Update Statistics in SQL Server 2005 – New Undocumented options

Posted by decipherinfosys on August 1, 2007

Yesterday, we had covered DBMS_STATS.SET_TABLE_STATS functionality in Oracle and had seen how one can make the optimizer believe that a different data distribution exists for the tables and indexes. Using that, one can then test their code in the development environment to see how the execution plan changes for the code. This is useful since by doing this, one can check for any issues due to data volume on the query execution plan. In case of the execution plan going bad and the cost for the query increasing, one can then look into tuning the query or look into playing with the indexes so that those issues are nipped in the bud during the development stages itself. Ideal thing for the query would be for the cost to not grow significantly with the data volume increase. The same can also be true when you are a vendor and your application code is getting a bad execution plan generated at a client site and bringing that 500GB database back in-office is not an option.

So, in SQL Server is there a way one can simulate the high data volume without “actually” creating the volume data? Yes, there is a way but it is un-documented. In addition, in version 2000 of SQL Server, the method of doing this is not straight-forward and involves updates to the system tables directly which needless to state should never be done in a production environment. In a development environment under controlled situations one can do it if one wants to be brave enough to venture out and do this. There is an excellent post by Joe Chang that talks about the different steps on doing this – you can read more on that here.

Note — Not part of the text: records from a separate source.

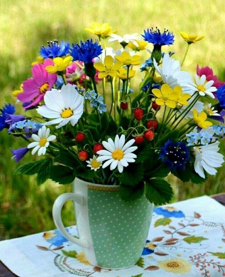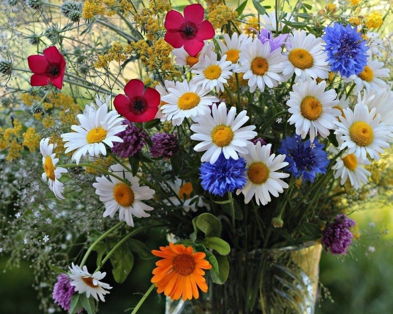 букеты полевых васильков ромашек маков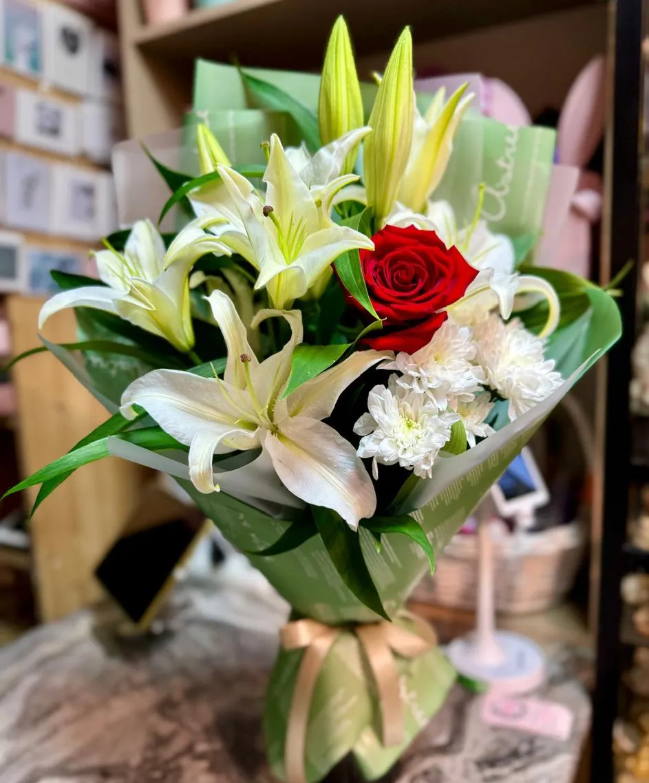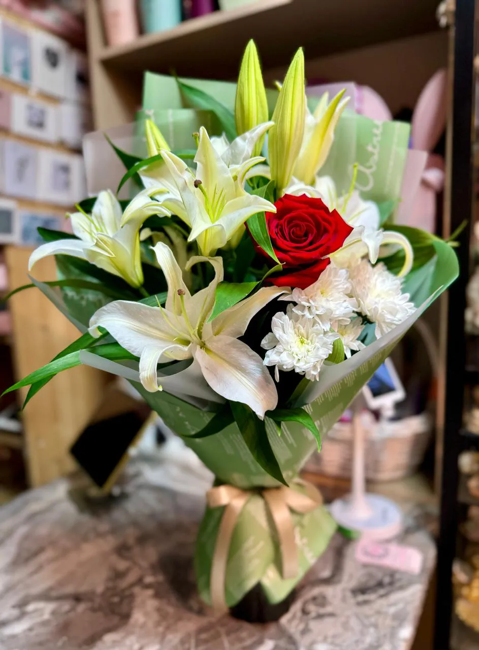 Около розы грациозно располагаются лилии, величественные и элегантные, с их нежным ароматом, способным окутать атмосферу чувственностью и романтикой. Белые хризантемы, словно белоснежные облака, добавляют лёгкости и свежести, дополняя композицию яркими акцентами.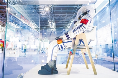 | A Chinese Space uniform was displayed to the public during the National Science and Technology Week in May in Beijing. (PHOTO:VCG) |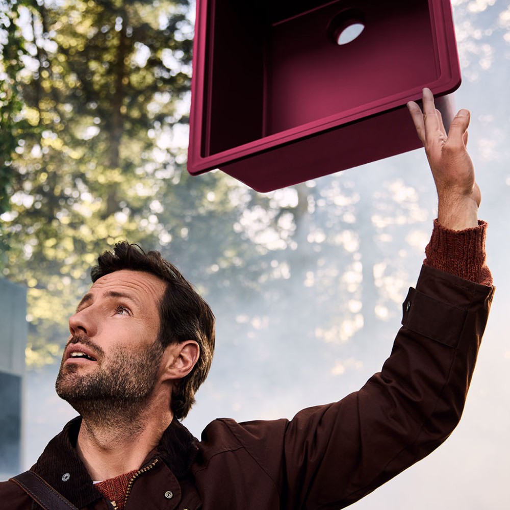 Prihaja iz prestižne linije Cristadur® in v tej rdeči barvi Berry se bo lepo umestilo v vsako kuhinjo. Koritu lahko dodate še druge dodatke kot so izlivno prelivna garnitura v različnih barvnih obdelavah, nosilec s posodo in/ali cedilom, rezalna deska, dizajnerski odcejalnik iz plemenitega jekla, gumb za avtomatsko odpiranje in zapiranje izliva ter dozirnik za milo.

In this post, we are going to cover how one can achieve this in SQL Server 2005. The options are still un-documented (they are mentioned in BOL) but there is no messing around with the system tables. If you look up the UPDATE STATISTICS command in BOL, at the bottom of it, you will see:

<update_stats_stream_option> ::=
[ STATS_STREAM = stats_stream ]
[ ROWCOUNT = numeric_constant ]
[ PAGECOUNT = numeric contant ]

and in the description section, it states:

<update_stats_stream_option>
Reserved for SQL Server internal use only. Future compatibility is not guaranteed.

In here, we will go over the rowcount and the pagecount options. As the name of these options suggests, these can be used to change the internal meta-data of the tables and their indexes without a need for manually updating the system tables.  Since SQL Server’s optimizer is a CBO (Cost Based Optimizer), the query optimizer looks at these statistics in order to form the execution plans and having these values set will fool the optimizer into thinking that the data volume is very different than what it actually is.  This is on the same lines as Oracle’s command that we showed yesterday.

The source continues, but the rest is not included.